Task prompt:
Write out exactly the lines below from the one containing "Kirk (William Shatner, l.), Spock" to the last, both ends kept, and nothing more; skip all pictures.

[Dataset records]
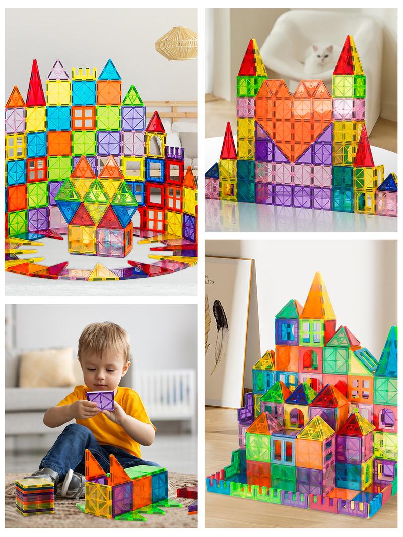 【Safe & Durable Strong Magnets】The magnet toys are made of non-toxic ABS plastic material which is safe and durable, the large strong magnets are solid enough to support heavy and tall construction without collapse, and the sealed rivets on the rounded-edges keep the magnetic building tiles from breaking. You can rest assured that your kids are only playing with the best and safest toddler toys on the market.
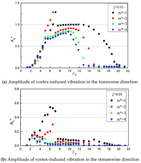 Figure 7 gives the variation law of the dimensionless vortex vibration amplitude with the reduced velocity for cylindrical oscillators with different mass ratios. Compared with the four different mass ratios of cylindrical oscillators, the crossflow vortex-induced vibration amplitude shows a trend of increasing and then decreasing with the increase in the reduced velocity, while the crossflow amplitude responses of cylindrical oscillators all show the initial branch and the lower branch.
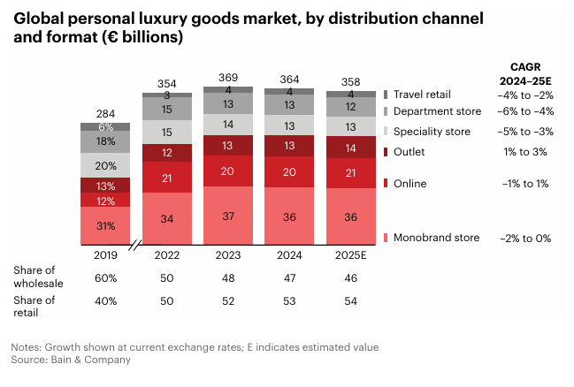 Outlets were the only physical retail format to maintain growth (1%–3%), reflecting consumers’ pursuit of value. Other offline channels—including travel retail, department stores, and brand boutiques—saw declining trends.
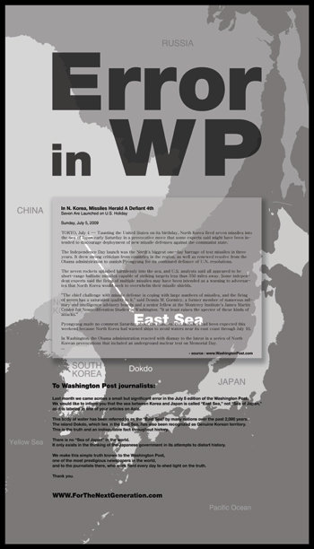 이들은 광고에서 7월 워싱턴 포스트에 실린 한반도 관련 기사에 ‘Sea of Japan’(일본해)으로 표기 된 것이 ‘East Sea’(동해)가 옳다고 지적하는 그림을 선명하게 넣었다.
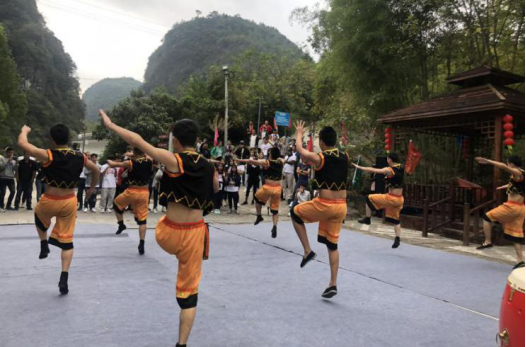 到達(dá)景區(qū)內(nèi)的第一個(gè)項(xiàng)目便是南溪號(hào)子。南溪號(hào)子流行于重慶市黔江區(qū),淵源要追溯到唐朝,它的雛形是土家族農(nóng)民在勞動(dòng)中解乏鼓勁的勞動(dòng)號(hào)子和山歌號(hào)子,與薅草鑼鼓近似。喊號(hào)子一般不少于7人,1人領(lǐng)唱,2人或3人扮尖聲(高音),其他人唱低音,眾人幫腔。2006年,南溪號(hào)子列入國(guó)家級(jí)非物質(zhì)文化遺產(chǎn)名錄。
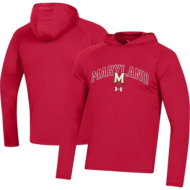 Men's Under Armour Red Maryland Terrapins 2023 Sideline Tech Hooded Raglan Long Sleeve T-Shirt
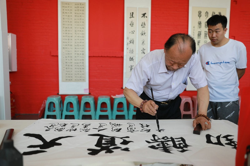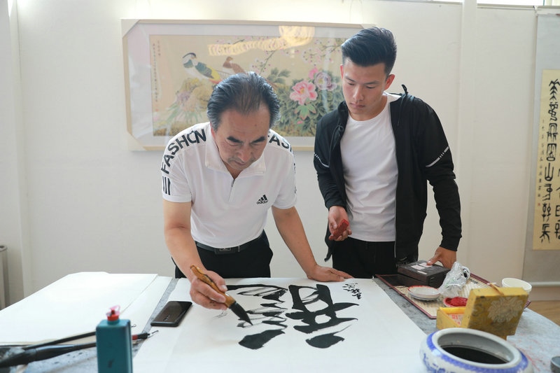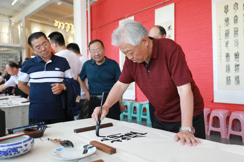 活動現(xiàn)場,書畫家們鋪開宣紙,揮灑愛心情懷。30余名書畫家和愛心人士在活動現(xiàn)場揮毫潑墨、內(nèi)蘊文質(zhì)精華,外彰形制逸美,以古典文詞展示"尚善"情操和"望賢"之心。"止于至善"、"家和業(yè)興,寧靜致遠"、"構(gòu)建和諧社會 倡導助殘風尚"……一幅幅充滿著關(guān)愛和正能量的藝術(shù)作品陸續(xù)被創(chuàng)作完成。
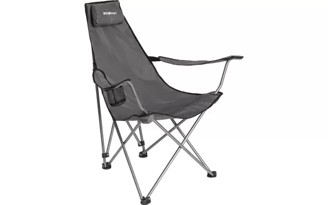 Weather-proof, hard-wearing cover, made of 100% polyester in web structure. Sturdy steel pipe frame. High backrest with comfortable headrest. Drinks holder in the armrest. Incl. packing bag (100 % polyester).
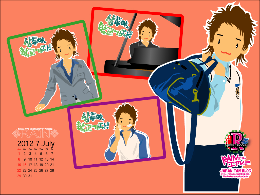 This month’s themes are: A past Rain fashion photo shoot in Spain, Rain The BEST Show, Rain photo shoot for ELLE China, official website images, Rain in SangDoo, Let’s Go To School!, and Rain performs in the military. Please enjoy. 🙂
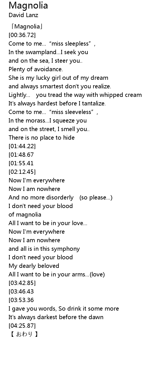 | [00:38.72] | Come to me...“miss sleepless”, |
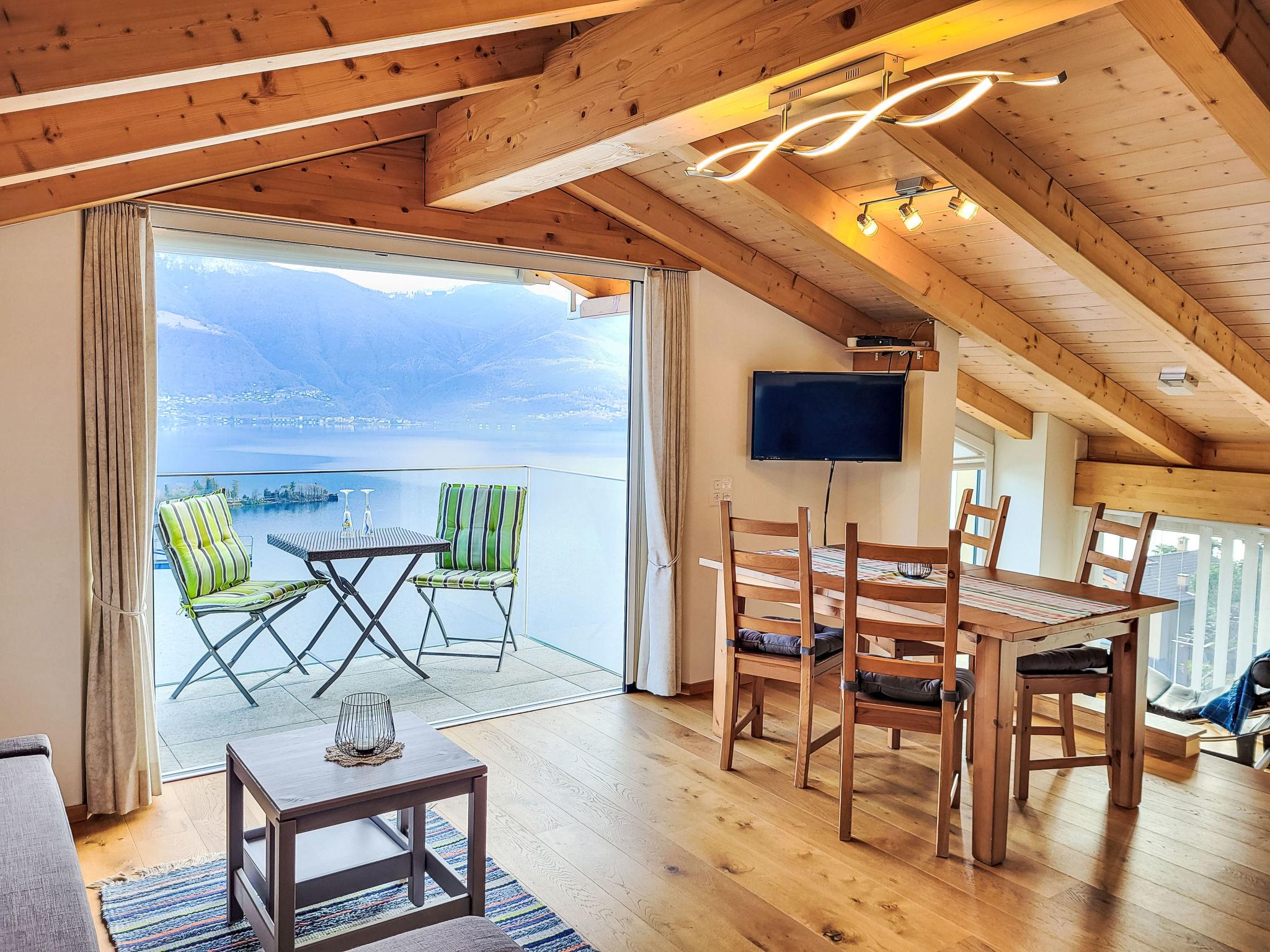 "Ca dal Non", 3-room apartment on 2nd floor. Spacious and bright, fully renovated in 2018, comfortable and modern furnishings: open living/dining room with sloping ceilings with Scandinavian wood stove, dining table and cable TV (flat screen). Exit to the balcony. 1 double bedroom with 1 double bed (160 cm, length 200 cm). Exit to the balcony. 1 room with sloping ceilings with 2 beds (90 cm, length 200 cm). Open kitchen (oven, dishwasher, 4 ceramic glass hob hotplates, freezer, electric coffee machine, Capsules for coffee machine (Nespresso) extra). Shower/WC. Underfloor heating. Small balcony, south facing position. Balcony furniture. Marvellous panoramic view of the lake, the mountains, the countryside, the resort and the Isole di Brissago. Facilities: washing machine, dryer, iron, children's high chair, baby cot for up to 2 year olds (extra), hair dryer. Internet (WiFi, free). Please note: non-smokers only. Maximum 1 small pet/ dog allowed. NL-00011366
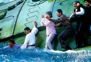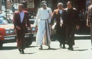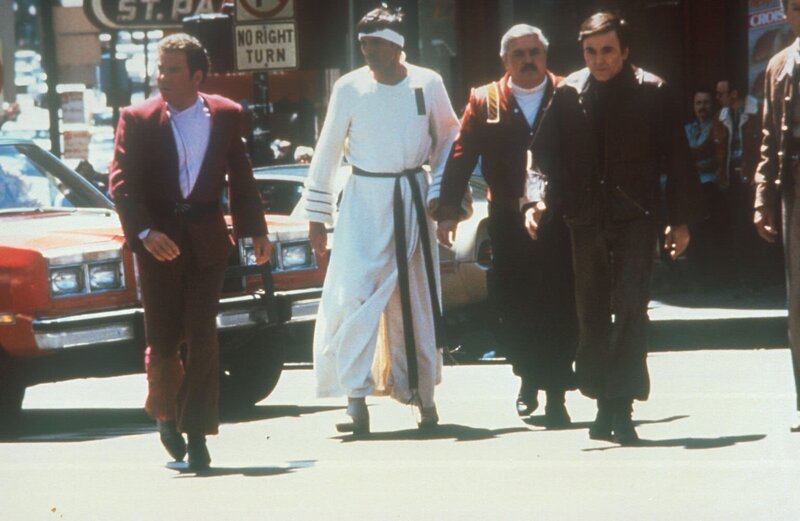 Kirk (William Shatner, l.), Spock (Leonard Nimoy, 2.v.l.), Scotty (James Doohan, 2.v.r.) und Chekov (Walter Koenig, r.) im San Francisco der Gegenwart, wo man sich auch als Zeitreisender mit futuristischem Outfit unauffällig bewegen kann - nur mit den Verkehrsregeln hapert's noch etwas ...Bild: © ATV II
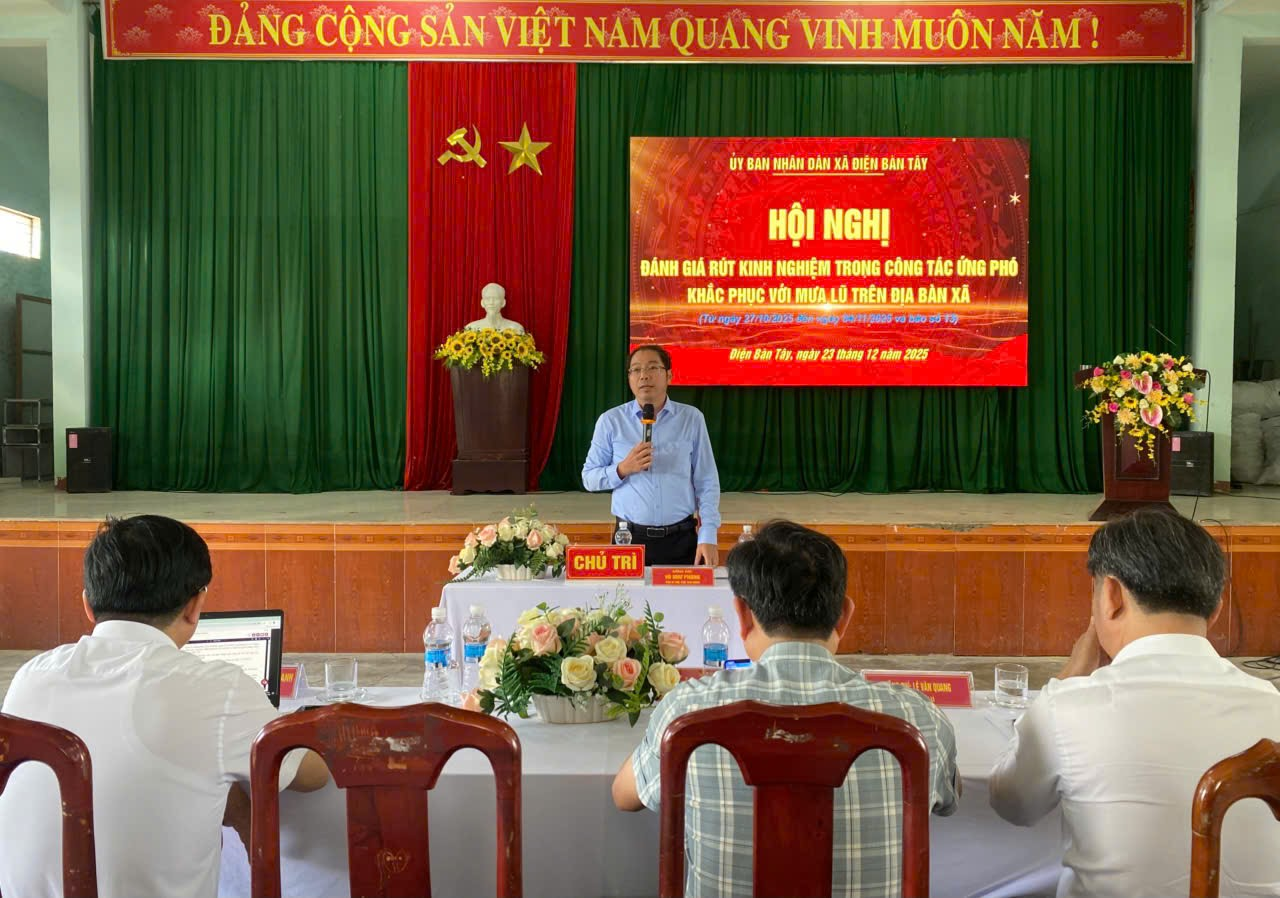 Chiều ngày 23.12, tại Hội trường UBND, UBND xã tổ chức Hội nghị đánh giá rút kinh nghiệm trong công tác ứng phó khắc phục với mưa lũ trên địa bàn xã (giai đoạn từ ngày 27.10 đến ngày 4.11.2025 và bão số 13). Tham dự có ông Lê Văn Quang - Bí thư Đảng ủy, Chủ tịch HĐND xã; ông Nguyễn Hồng Thanh - Phó Bí thư Thường trực Đảng ủy xã; ông Võ Như Phong - Phó Bí thư, Chủ tịch UBND xã, chủ trì hội nghị.

Task answer:
 Kirk (William Shatner, l.), Spock (Leonard Nimoy, 2.v.l.), Scotty (James Doohan, 2.v.r.) und Chekov (Walter Koenig, r.) im San Francisco der Gegenwart, wo man sich auch als Zeitreisender mit futuristischem Outfit unauffällig bewegen kann - nur mit den Verkehrsregeln hapert's noch etwas ...Bild: © ATV II
 Chiều ngày 23.12, tại Hội trường UBND, UBND xã tổ chức Hội nghị đánh giá rút kinh nghiệm trong công tác ứng phó khắc phục với mưa lũ trên địa bàn xã (giai đoạn từ ngày 27.10 đến ngày 4.11.2025 và bão số 13). Tham dự có ông Lê Văn Quang - Bí thư Đảng ủy, Chủ tịch HĐND xã; ông Nguyễn Hồng Thanh - Phó Bí thư Thường trực Đảng ủy xã; ông Võ Như Phong - Phó Bí thư, Chủ tịch UBND xã, chủ trì hội nghị.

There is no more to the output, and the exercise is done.